WORK REQUEST → Pictures are not part of the answer. Write out exactly the lines from the one containing "Realizada no primeiro" through the end of the material below.

DATA →
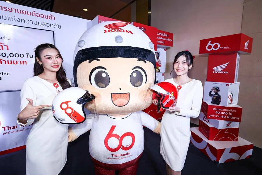 เนื่องในโอกาสพิเศษครบรอบ 60 ปี นี้ ไทยฮอนด้าได้จัดตั้ง โครงการบริจาคหมวกกันน็อก จำนวน 60,000 ใบ มูลค่า 60 ล้านบาท จัดขึ้นภายใต้แนวคิด 60 ปี ไทยฮอนด้า ขับขี่ปลอดภัย เพื่อสังคมไทยที่ยั่งยืน โดยร่วมมือกับหน่วยงานภาครัฐ สถาบันการศึกษา เราจะส่งมอบหมวกกันน็อก 77 จังหวัดทั่วประเทศ พร้อมเดินหน้าเคียงข้างสังคมไทย ด้วยความมุ่งมั่นในการรณรงค์เรื่องความปลอดภัย และสร้างความตระหนักรู้ให้กับคนไทยทุกคน เพื่อร่วมกันขับเคลื่อนสังคมไทยให้ปลอดภัย และก้าวสู่เป้าหมายของการเป็นสังคมที่อุบัติเหตุเป็นศูนย์
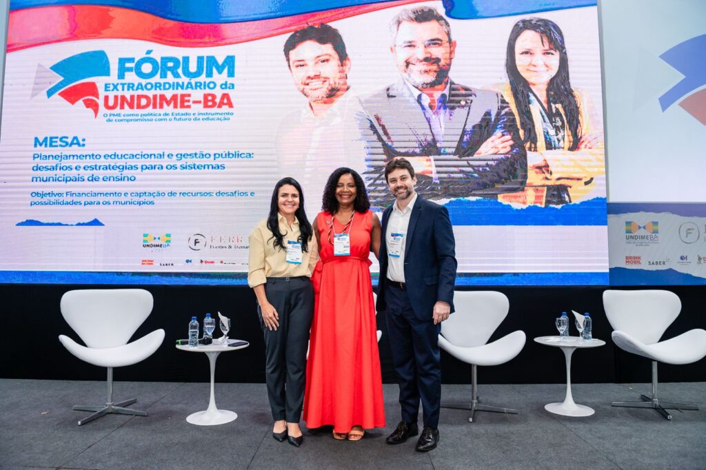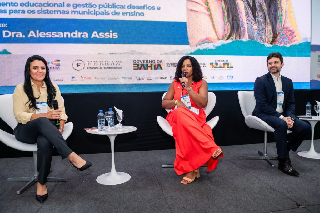 Realizada no primeiro dia do evento, a mesa contou com a participação de Gregório Grisa, secretário de Articulação Intersetorial e com os Sistemas de Ensino (SASE), Gilson Araújo, pesquisador e Auditor de Controle Externo e Alessandra Assis, integrante do FEEBA, que compartilharam experiências e análises sobre os principais desafios enfrentados pelas redes municipais. Entre os pontos debatidos, estiveram o planejamento estratégico como ferramenta essencial para a organização das políticas educacionais e a gestão eficiente de recursos públicos.
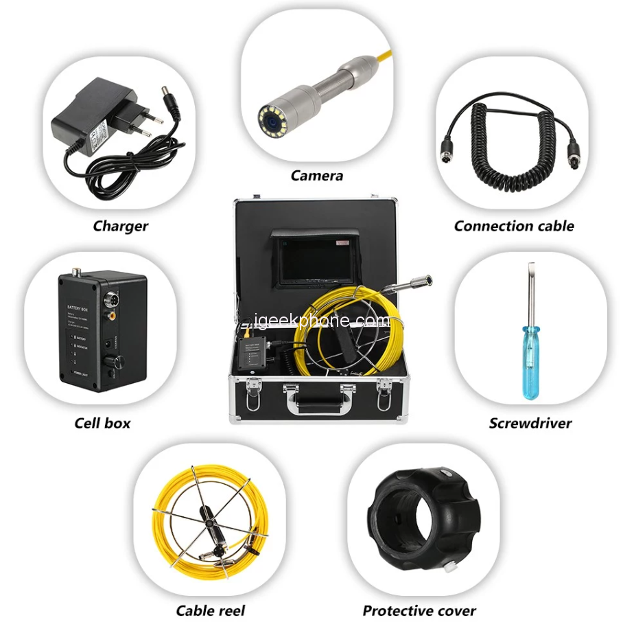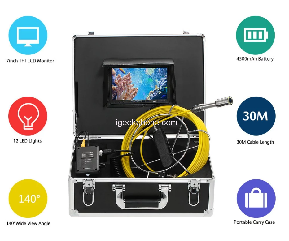 Lixada 30M Drain Pipe Sewer Inspection Camera Built-in 7-inch LCD color screen, It supports remote control for the monitor and 4500mAh rechargeable lithium battery and provides up to about 8 hours of continuous working time. Drain & pipe pipeline cameras can be used in underwater cameras, waterproof miniature camcorders, motor vehicle inspection, sewer pipeline inspection, line detection, home appliance maintenance, search and rescue, archaeological finds, drilling industry, Construction, etc.
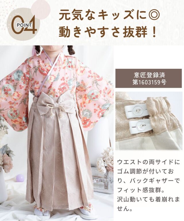 大人気『ベビー袴ロンパース』を兄弟や姉妹で可愛く着たい!そんなお声から100~120cmサイズのキッズ袴が遂に登場いたしました。2ピース仕様で本格的なのに、着脱も簡単です。お正月や卒園式、結婚式など和装フォーマルにぴったり。お子様のお祝い事の付き添いにもぴったりです。授乳服とマタニティのスウィートマミーがおすすめするキッズウェアです。
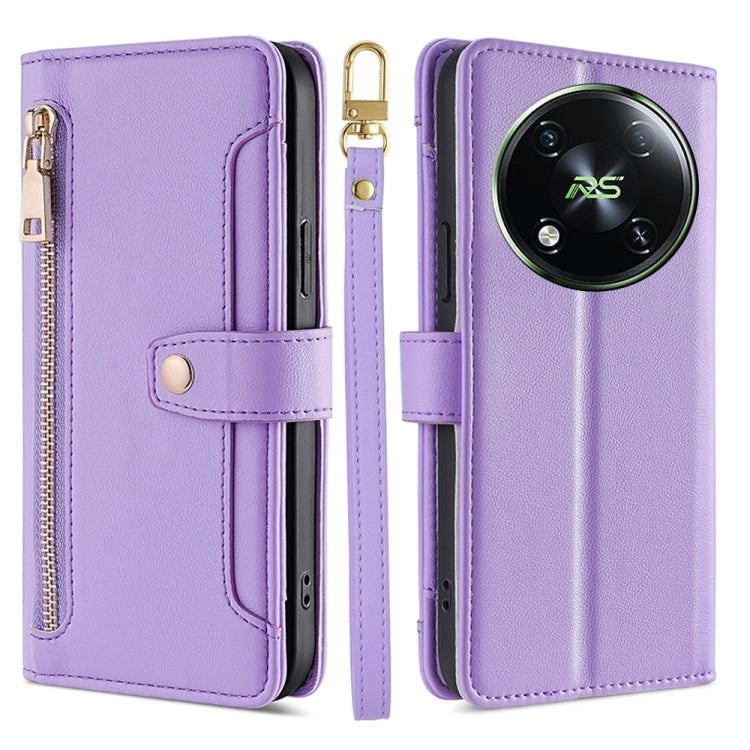 Estuche de Cuero para Itel Rs4 4G con Billetera, Cremallera y Textura de Oveja (Púrpura)

TASK RESULT →
 Realizada no primeiro dia do evento, a mesa contou com a participação de Gregório Grisa, secretário de Articulação Intersetorial e com os Sistemas de Ensino (SASE), Gilson Araújo, pesquisador e Auditor de Controle Externo e Alessandra Assis, integrante do FEEBA, que compartilharam experiências e análises sobre os principais desafios enfrentados pelas redes municipais. Entre os pontos debatidos, estiveram o planejamento estratégico como ferramenta essencial para a organização das políticas educacionais e a gestão eficiente de recursos públicos.
 Lixada 30M Drain Pipe Sewer Inspection Camera Built-in 7-inch LCD color screen, It supports remote control for the monitor and 4500mAh rechargeable lithium battery and provides up to about 8 hours of continuous working time. Drain & pipe pipeline cameras can be used in underwater cameras, waterproof miniature camcorders, motor vehicle inspection, sewer pipeline inspection, line detection, home appliance maintenance, search and rescue, archaeological finds, drilling industry, Construction, etc.
 大人気『ベビー袴ロンパース』を兄弟や姉妹で可愛く着たい!そんなお声から100~120cmサイズのキッズ袴が遂に登場いたしました。2ピース仕様で本格的なのに、着脱も簡単です。お正月や卒園式、結婚式など和装フォーマルにぴったり。お子様のお祝い事の付き添いにもぴったりです。授乳服とマタニティのスウィートマミーがおすすめするキッズウェアです。
 Estuche de Cuero para Itel Rs4 4G con Billetera, Cremallera y Textura de Oveja (Púrpura)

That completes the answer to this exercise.